Discussion in 'Manufacturing and Construction Techniques' started by jbtsax, Jan 8, 2010.

  1. jbtsax

    jbtsax Distinguished Member Distinguished Member

    In trying to mathematically recreate the node positions in an alto saxophone neck as shown by Ernest Ferron in his book "The Saxophone is my Voice" I discovered that Ferron made a mistake by dividing the distance between nodes by 3 to determine their relative positions.

    If anyone is interested, the results of my study can be found at this link:


    Since there are those in the music industry who have copied the illustrations of the neck node positions from Ferron's book and distributed them in the saxophone community as though they were accurate scientific information, I feel it is important to make the correct information available.

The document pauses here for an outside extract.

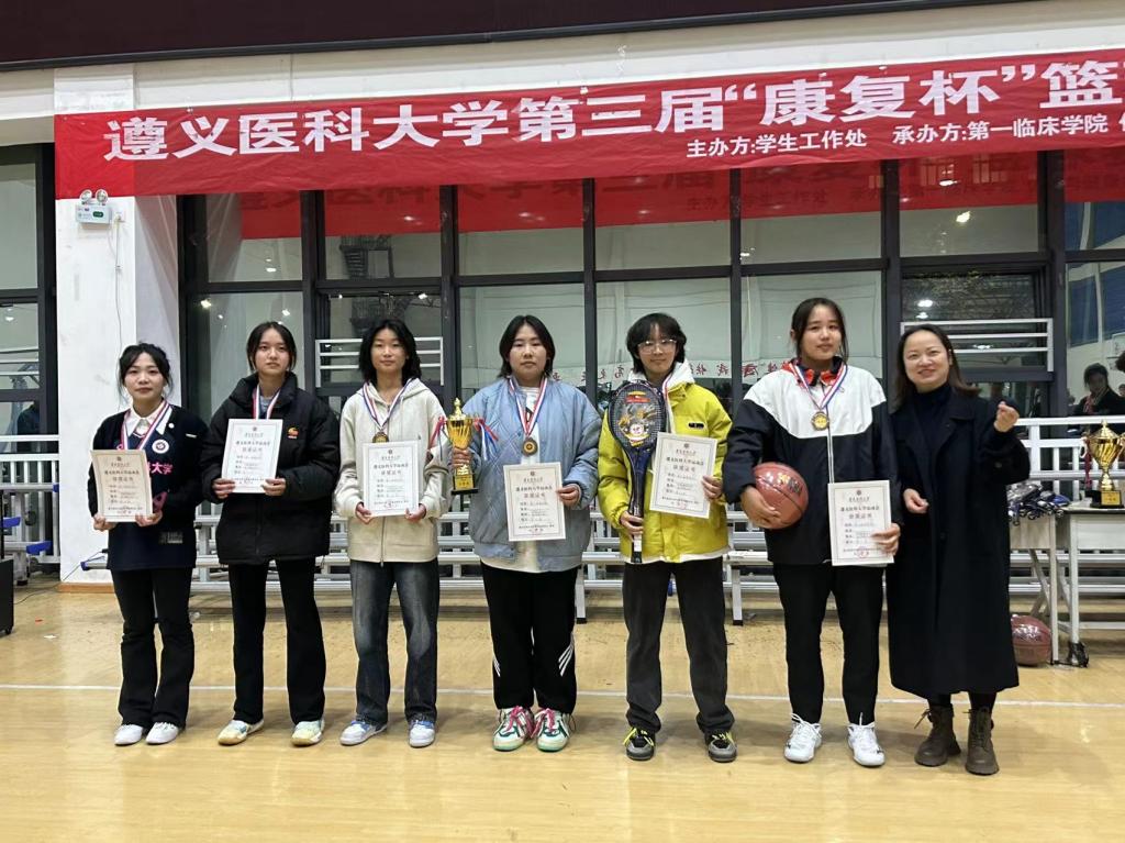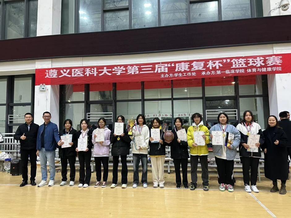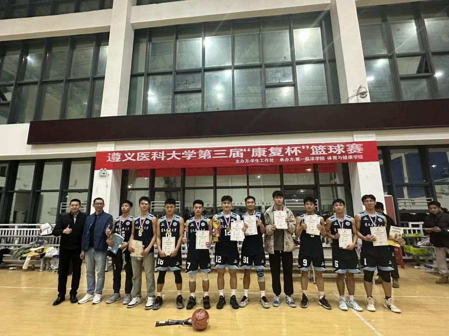 闭幕式由崔德涛老师主持,体育健康公司唐溢副书记对本次篮球赛致闭幕词,他说“这是遵医康复第三届‘康复杯’赛事,以后每年都会继续举办。这是增强同学们团队协作能力,培养德智体美劳全面发展的遵医康复人。促进遵医康复员工之间、师生之间的沟通交流的一种方式,更是提升同学们对遵医康复大家庭归属感的一种方式 ”。最后,唐溢副书记、冯祥勇主席、男教工队队长崔德涛老师、女教工队队长袁明琼老师为获奖队员颁发了奖杯和奖牌,以表彰他们的优异表现和努力付出。第三届“康复杯”篮球赛历时19天圆满结束了,通过此次比赛,增强了员工体魄、促进了康复相关专业的相互沟通交流、培养了员工团队协作意识,并提高了员工对遵医康复的归属感,期待未来类似的活动能够继续举办,为员工们带来更多的收获和成长。

  2. What a cool resource. What instrumentation did you use to produce these findings?
  3. jbtsax

    jbtsax Distinguished Member Distinguished Member

    The illustrations were done with Corel Draw and the graph (spreadsheet) was done using Excel. There are just a few easy math equations involved in creating the data.

    The wavelength (l) is the speed of sound (c) divided by the frequency (f).

    The speed of sound in a warm moist instrument is usually represented by 347 m/s or 347,000 mm/s. Therefore the wavelength of A = 440 is: l = 347/440 = .7886 m or 788.6 mm.

    A sound wave travels to the first open tonehole (or bell) and back to make a complete wave so the length of the instrument that sounds that note is always 1/2 the wavelength. Another way to say it is that the soundwave is 2L and the length of the saxophone is L.

    For the note A Concert (F# on the alto sax) the length of the sound wave is 788.6 mm and the "sounding length" of the saxophone from the apex of the missing cone is 394.3 mm.